Ходунов некоторое время молча смотрел на Шутикова, потом нехотя улыбнулся:

— Ты хорош. Если бы тебя кто-то вот так оглоушил? Посмотрел бы я на тебя. Ладно, пошли, а то вон на нас внимание обращают. — Некоторое время они шли молча. Потом Ходунов спросил: — А вещи-то где? Из чемодана?

— Я все выбросил. На всякий случай.

— Ничего себе! Хорош случай. А с чем же ты теперь полетишь?

— Да я тут присмотрел. Завтра хочу купить. Ладно, давай просто погуляем немного. Мне главное, что теперь ты все знаешь. А то как-то было не по себе.

— Ну, ясно, — буркнул Ходунов. — Ему полегчало. Это называется — с больной головы на здоровую. Эх, Леня, Леня. Ну, давай погуляем.

* * *

В пятницу работали без обеденного перерыва, и все закончилось к половине третьего.

— Ну, какой маршрут сегодня выбираем? — спросил Ходунов, когда они часов в пять сели за поздний обед. — Какие идеи? Это ведь прощальная прогулка.

— Но, наверное, на этот счет есть традиция? — спросил Шутиков.

— Пока не завели, — сказал Ходунов. — Но стоит подумать.

— Может, прогуляться вниз по Роне? — предложил Шутиков. — Помните, где мы были в воскресенье?
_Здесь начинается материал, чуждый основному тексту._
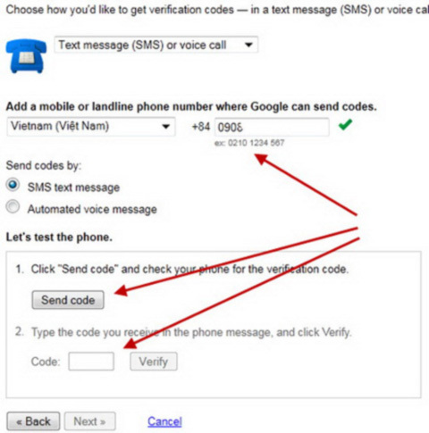 * Điện thoại di động (ĐTDĐ): Gmail đã hỗ trợ đầy đủ cho người dùng Việt Nam nên có thể chọn "Text message (SMS) or voice call" và chọn tiếp "Vietnam (Việt Nam)" ở phần "Add a mobile or landline phone number where Google can send codes". Sau đó nhập đầy đủ số điện thoại di động vào ô trống kế bên. Hệ thống sẽ kiểm tra số điện thoại vừa cung cấp có hợp lệ hay không, khi biểu tượng màu xanh lá cây xuất hiện là bạn đã có thể chuyển xuống phần bên dưới.

— А что, я за, — поддержал Ходунов. — Это место стоит того, чтобы сделать его традиционным.

* * *

По набережной они шли не торопясь и к площадке на скале добрались только к семи. Вечернее солнце живописно освещало красноватый камень, превращая скалы в багровые, ярко выделявшиеся на фоне темной зелени деревьев и кустарника.

— Красиво здесь, — сказал Бобров, когда они остановились на огороженной площадке у края скалы. — До чего же здорово.

— Да, — поддержал Шутиков. — Место уникальное. Слушай, Валентин Евгеньевич, ты бы вот по этому выступу прошел? — Шутиков показал на широкий выступ, опоясывающий скалу.

— А зачем? — пожал плечами Бобров. — Удовольствия я не получу.

— Не скажи, — возразил Шутиков. — Это может хорошо нервы пощекотать. Так смог бы?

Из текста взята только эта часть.